▶ **PROBLEM TO WORK ON**: Having found the line containing "夕方になると屋形船が浮かび、" in the records below, copy that line and each later one exactly, dropping pictures.

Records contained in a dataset
*** Block opens ***
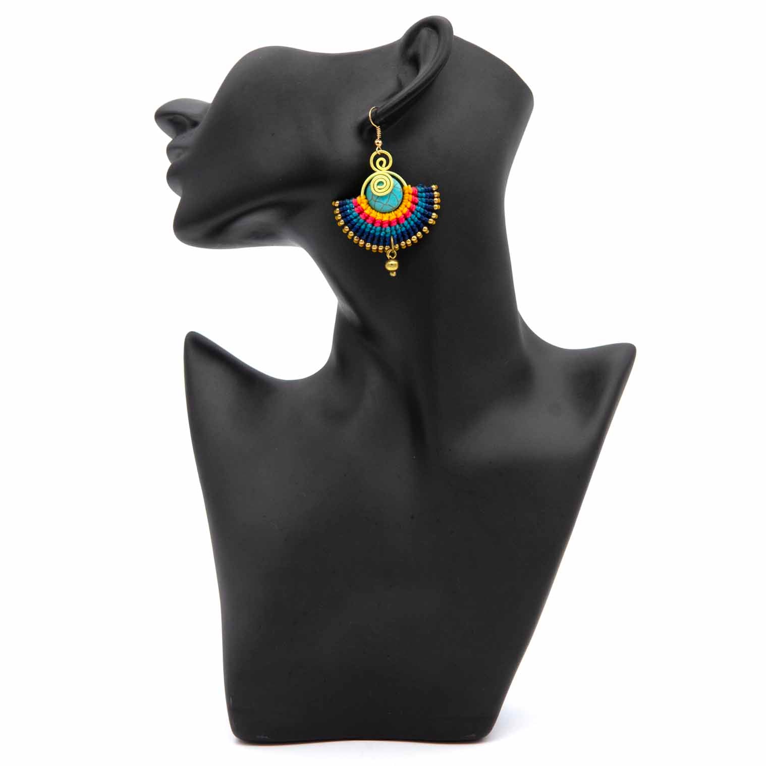 Big, bright and colourful, these earrings make quite the fashion statement! A woven macrame-like design is matched with colourful stones and golden wire-work. Each pair has gold plated hooks to complete the ultimate boho look.
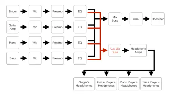 A diagram of a typical signal flow for a band
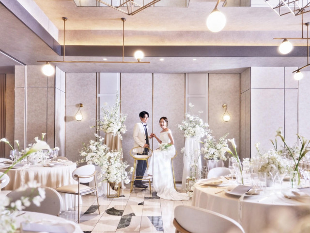 【おふたりが創る大人上質空間】素材やデザインにこだわったシンプルな会場は”おふたりのストーリー”を表現できる空間。貸切だからこそおふたりのテーマに合わせた自由なコーディネートが叶う。
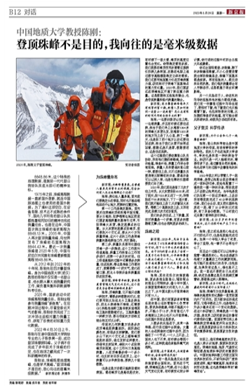 陳剛說,珠峰既是地理高峰,也是學術高峰。“登頂珠峰不是目的,我心向往的是毫米級數據。”
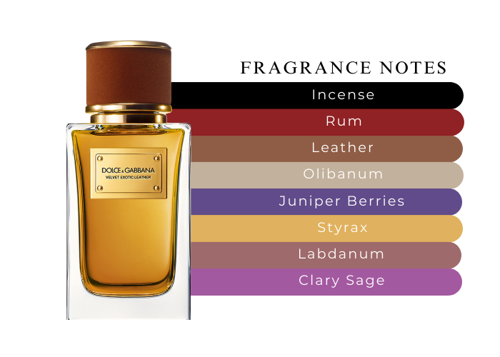"Velvet Exotic leather is a sensual and elegant scent, with a complex heart of Black Leather accord. Rich and warm Cistus Labdanum, intense Styrax and deep woody Cade oil create its unique and masculine leather character. Fresh notes of Clary Sage and Lavender and refined and fruity Rum absolute recall a vintage liquor. While Olibanum and Incense extend a warm and enveloping touch. "
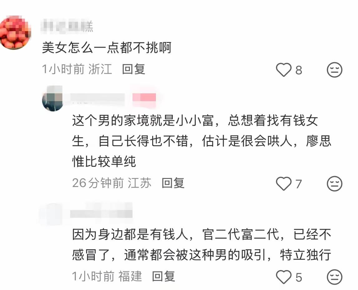他穿着一件黑色T恤,和廖思维亲密的合影。廖思维很漂亮,大眼睛、白皮肤、高鼻梁,看向镜头里的眼神也满是欣喜。
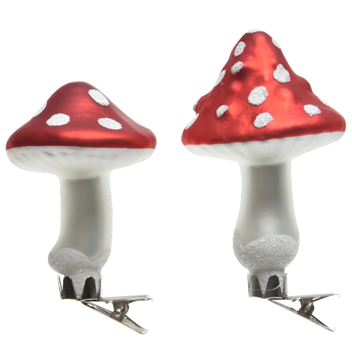 Baumschmuck Fliegenpilze, Glas-Pilze auf Clip, 3 St/Box, 9cm
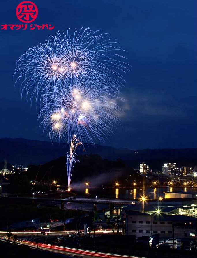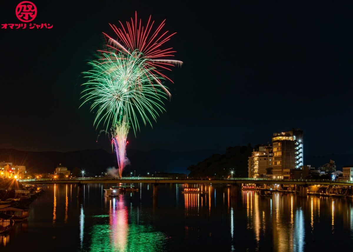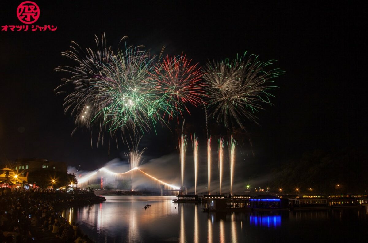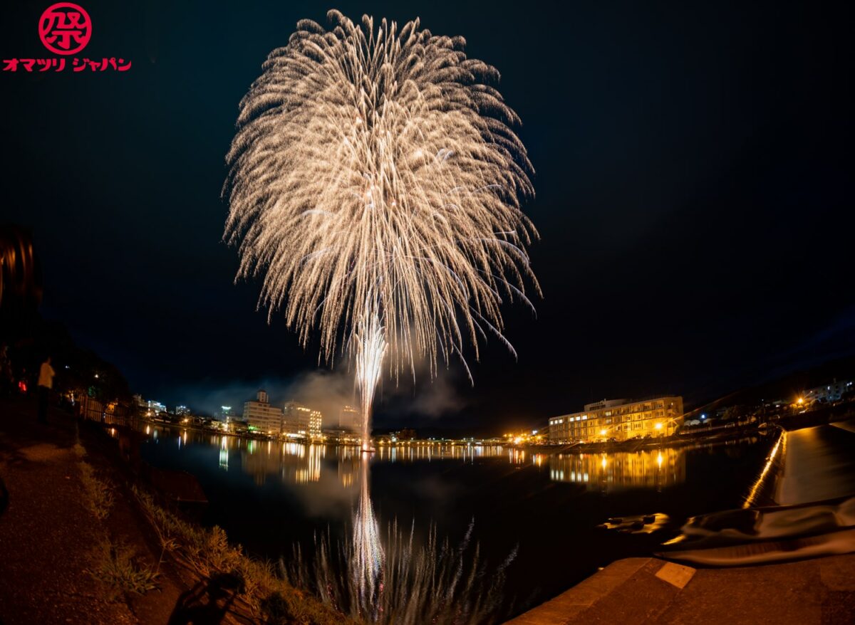 夕方になると屋形船が浮かび、中洲より上げられる花火が山に囲まれた盆地に響き渡ります。
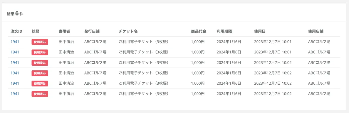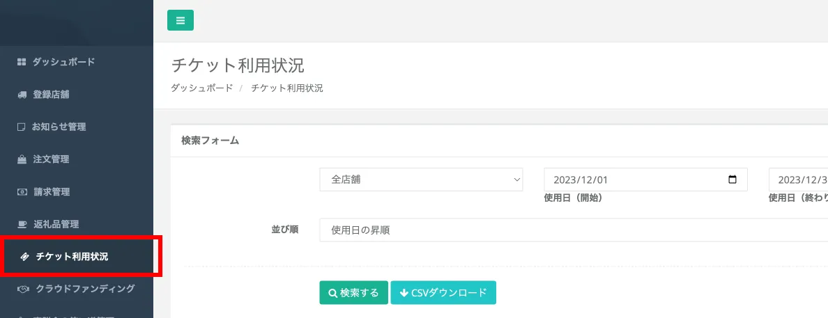 ふるさとズで発行した電子チケットの利用状況は、管理画面から一覧で確認することが可能です。
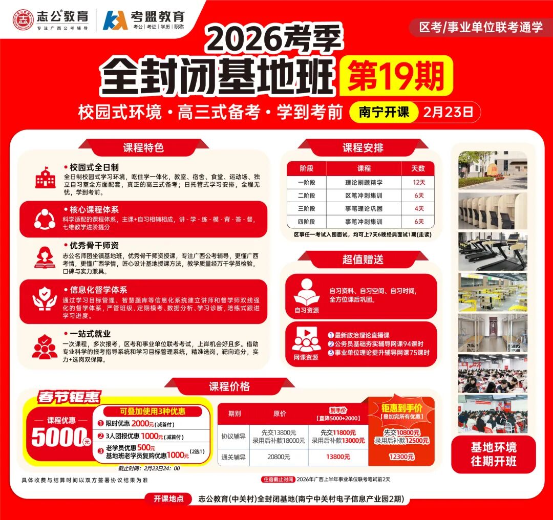 ?校園式環(huán)境,隔絕外界干擾:志公教育(中關(guān)村)2026考季全封閉基地班19期打造全日制校園式學(xué)習(xí)環(huán)境,高三嚴(yán)管式備考,一直可以學(xué)到考前。如果你自律性較差,需要一個(gè)好的學(xué)習(xí)氛圍和環(huán)境;如果你想要更快速上/岸,那你需要一個(gè)科學(xué)的學(xué)習(xí)體系,如果你想要考更好的職位,那你需要個(gè)性化和有效的提分方案,那么恭喜你,已經(jīng)找到了解決方法,請(qǐng)來志公教育全封閉基地班!
*** Block closes ***
▶ **EXPECTED ANSWER**:
 夕方になると屋形船が浮かび、中洲より上げられる花火が山に囲まれた盆地に響き渡ります。
 ふるさとズで発行した電子チケットの利用状況は、管理画面から一覧で確認することが可能です。
 ?校園式環(huán)境,隔絕外界干擾:志公教育(中關(guān)村)2026考季全封閉基地班19期打造全日制校園式學(xué)習(xí)環(huán)境,高三嚴(yán)管式備考,一直可以學(xué)到考前。如果你自律性較差,需要一個(gè)好的學(xué)習(xí)氛圍和環(huán)境;如果你想要更快速上/岸,那你需要一個(gè)科學(xué)的學(xué)習(xí)體系,如果你想要考更好的職位,那你需要個(gè)性化和有效的提分方案,那么恭喜你,已經(jīng)找到了解決方法,請(qǐng)來志公教育全封閉基地班!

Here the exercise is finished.